Can you recover for staff investigation time when you are involved in litigation?
Published on 22nd Jul 2019
Preparing for, and being involved in, litigation is costly and time-consuming for companies. Many hours of staff time might be diverted, thus resulting in a loss of revenue. Alternatively, extra staff might have to be recruited in.
Prior caselaw has established that lost internal management and staff time spent unravelling and mitigating the defendant's unlawful behaviour are recoverable as damages.
However, the basic rule (subject to an exception mentioned below) is that costs of preparing for litigation can only be recovered as costs, not as damages. That can work to the advantage of the paying defendant because costs will be assessed on the standard basis and so the amount recoverable will be limited by reasonableness and proportionality.
The claimant in the recent case of Magdeev v Tsvetkov sought to recover his costs in investigating an alleged conspiracy. The judge found that these were litigation costs and as such could only be recovered as damages if a well-known exception applied: namely, where the claim to recover those costs is based on a separate cause of action (ie a cause of action distinct from that on which the main proceedings are based).

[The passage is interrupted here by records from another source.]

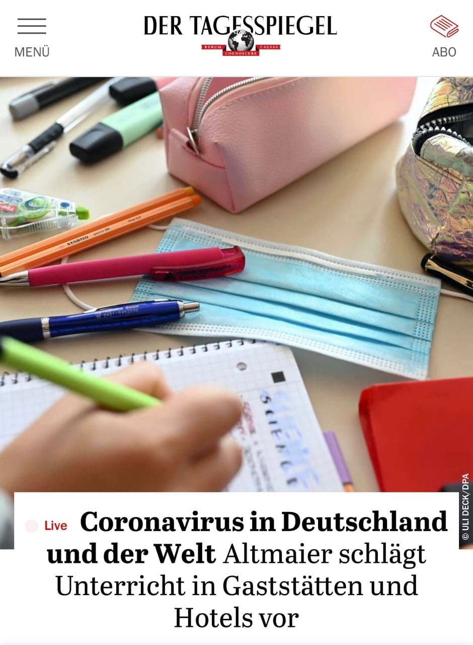 وزیر اقتصاد آلمان پیشنهاد کرد برای حفظ فاصله میان دانش آموزان، کلاسهای درس در مکانهایی مانند رستورانها، هتلها و مراکز فرهنگی برگزار شود.
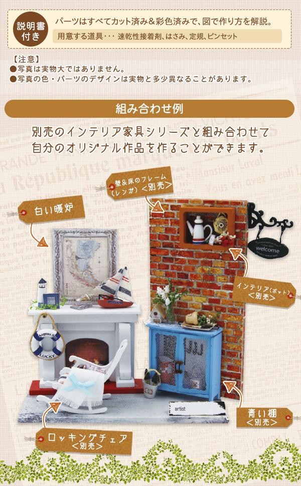 白い暖炉のミニチュアキットです。白い暖炉におしゃれな小物を飾って、単体でインテリアとしても、ミニチュア作品のアクセントとしてもピッタリです。分かりやすい説明書付きなので、初心者の方でも楽しく簡単に作ることができます。 |
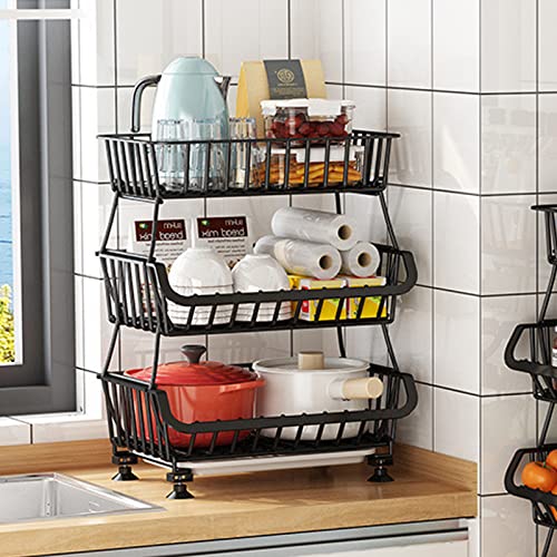 PEALOV Cesto Di Frutta Con Ruote,Carrello Frutta E Verdura In Metallo,Carrello Portafrutta E Verdura In Metallo Con 4 Ruote, Cesto Portaoggetti In Metallo Per Cucina

That was not the case here: the costs had been incurred in relation to the alleged conspiracy, which was the very claim being brought against the defendant. Furthermore, the loss here consisted of legal costs incurred as a result of the claimant's solicitors having carried out investigations to prepare for litigation, rather than the claimant's own investigation time. In other words, standard preparatory work which is carried out by solicitors as part of their instructions. Accordingly, the claim failed.